Using the listing below, copy exactly the lines from the one containing "Новая версия часов" to the one containing "北京理工大学831化工原理考研真题答案北理工化学工程网学天地", both lines included, and no others.

* _Material shown_
▶

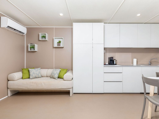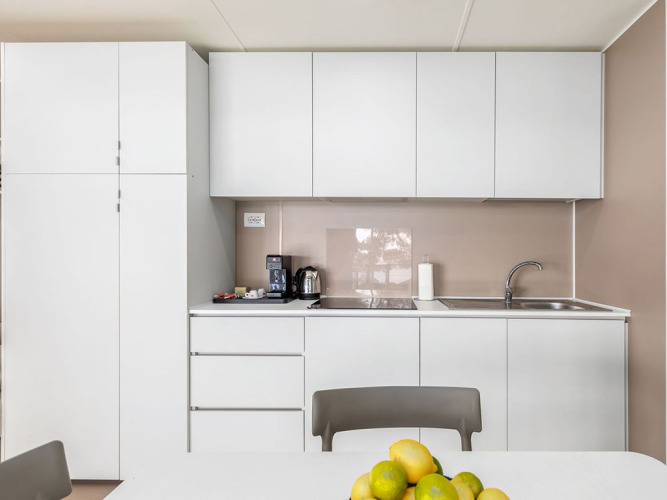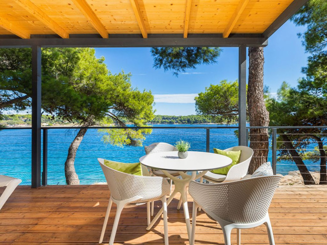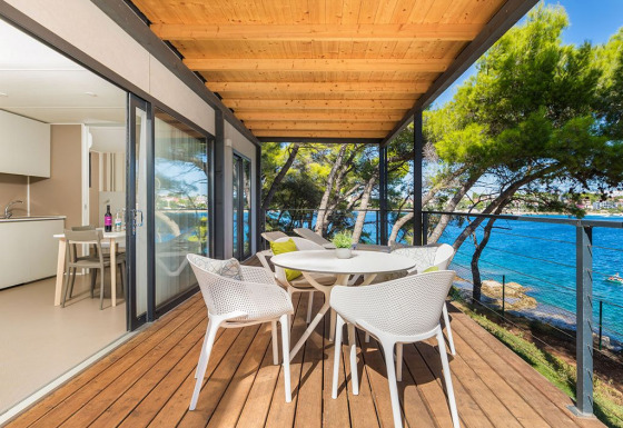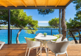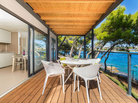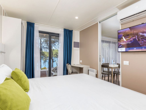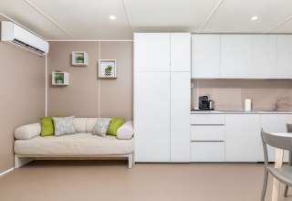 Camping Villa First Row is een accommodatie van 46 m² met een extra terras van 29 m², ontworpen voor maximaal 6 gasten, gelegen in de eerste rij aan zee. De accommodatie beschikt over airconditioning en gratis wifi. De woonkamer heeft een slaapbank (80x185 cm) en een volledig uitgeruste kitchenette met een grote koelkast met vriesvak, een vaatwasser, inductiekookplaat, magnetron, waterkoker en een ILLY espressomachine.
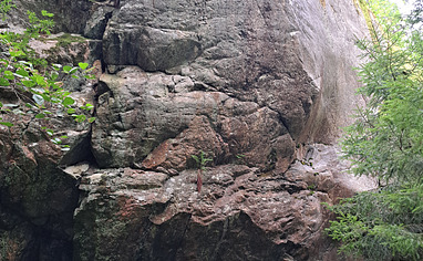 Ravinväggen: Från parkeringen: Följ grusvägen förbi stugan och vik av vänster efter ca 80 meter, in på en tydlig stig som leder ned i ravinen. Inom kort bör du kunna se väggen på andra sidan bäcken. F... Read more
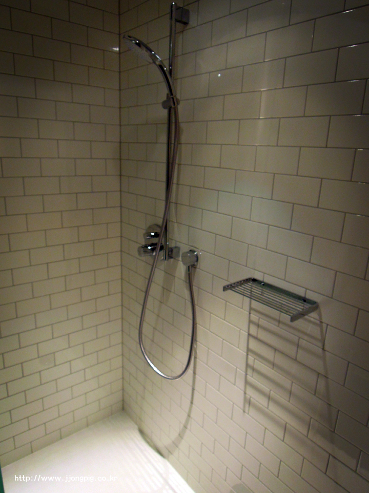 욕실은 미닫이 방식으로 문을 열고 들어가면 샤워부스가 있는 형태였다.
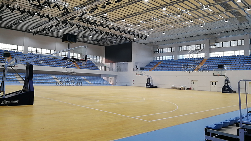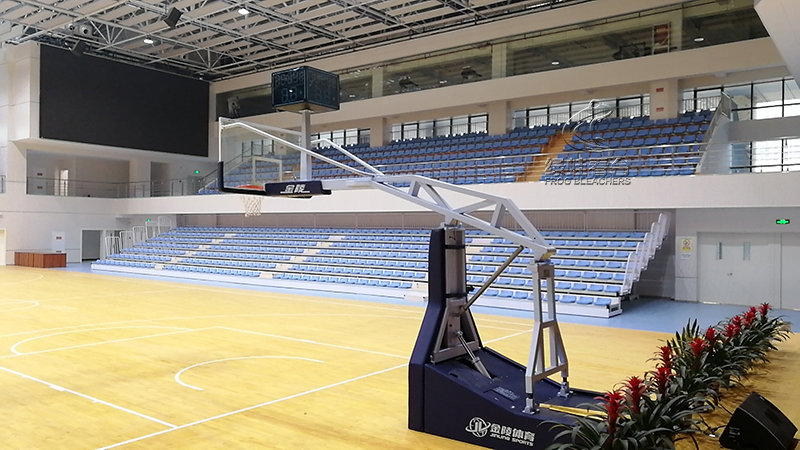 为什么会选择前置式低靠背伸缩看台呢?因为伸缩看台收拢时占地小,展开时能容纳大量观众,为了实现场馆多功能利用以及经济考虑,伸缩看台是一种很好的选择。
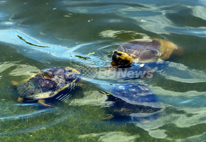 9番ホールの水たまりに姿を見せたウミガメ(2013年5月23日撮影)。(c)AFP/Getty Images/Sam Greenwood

◀
▶

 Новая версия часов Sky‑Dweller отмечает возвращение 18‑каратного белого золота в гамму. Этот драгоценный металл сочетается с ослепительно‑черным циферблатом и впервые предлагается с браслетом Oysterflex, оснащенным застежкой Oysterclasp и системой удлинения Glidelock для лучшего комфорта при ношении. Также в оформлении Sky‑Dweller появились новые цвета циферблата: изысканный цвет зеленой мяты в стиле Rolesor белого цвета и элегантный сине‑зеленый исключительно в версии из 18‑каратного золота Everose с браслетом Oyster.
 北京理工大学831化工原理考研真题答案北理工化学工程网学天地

◀

* _Expected answer_
 Новая версия часов Sky‑Dweller отмечает возвращение 18‑каратного белого золота в гамму. Этот драгоценный металл сочетается с ослепительно‑черным циферблатом и впервые предлагается с браслетом Oysterflex, оснащенным застежкой Oysterclasp и системой удлинения Glidelock для лучшего комфорта при ношении. Также в оформлении Sky‑Dweller появились новые цвета циферблата: изысканный цвет зеленой мяты в стиле Rolesor белого цвета и элегантный сине‑зеленый исключительно в версии из 18‑каратного золота Everose с браслетом Oyster.
 北京理工大学831化工原理考研真题答案北理工化学工程网学天地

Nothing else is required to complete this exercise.